Do tragedii doszło na przełomie września i października. Jak przekazała prokurator Agnieszka Adamska-Okońska, rzecznik Prokuratury Okręgowej w Bydgoszczy, bezpośrednio po szczepieniu u dziecka wystąpił stan zapalny w miejscu wkłucia. Jego zdrowie zaczęło się gwałtownie pogarszać – najpierw trafił do szpitala powiatowego w Żninie, a następnie został przewieziony do placówki wojewódzkiej w Bydgoszczy. Tam, mimo kilkudniowej walki lekarzy, chłopiec zmarł.
Śledztwo, wszczęte 10 października, prowadzone jest w kierunku narażenia dziecka na bezpośrednie niebezpieczeństwo utraty życia i zdrowia. Zawiadomienie w tej sprawie złożył powiatowy inspektor sanitarny w Żninie.
Przytył 30 kg w trzy miesiące. Zdecydował się na metamorfozę
Podczas czynności zabezpieczono dokumentację medyczną oraz zapasy szczepionek w przychodni. – Wśród nich były również dawki przeterminowane – potwierdziła prokurator Adamska-Okońska. Śledczy sprawdzają, czy to właśnie taka szczepionka została podana półrocznemu pacjentowi.
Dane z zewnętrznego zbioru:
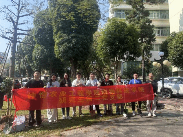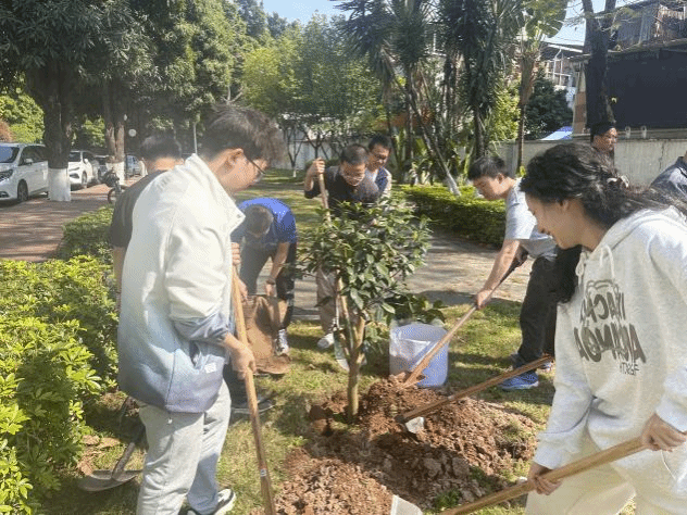为践行生态文明理念,建设绿美仲园,促进支部共建交流,3月 20日下午,今年会jinnian官网研究生第二党支部与总务后勤部党支部在海珠校区联合开展植树主题党日活动。

Na ostateczne ustalenia trzeba poczekać do czasu wyników sekcji zwłok. – Na razie nie możemy jednoznacznie określić, co wywołało niepożądany odczyn poszczepienny – podkreśliła rzecznik prokuratury.
Sprawa budzi ogromne emocje, a opinia publiczna czeka na wyjaśnienia dotyczące procedur w placówce i odpowiedzi na pytanie, czy tragedii można było zapobiec.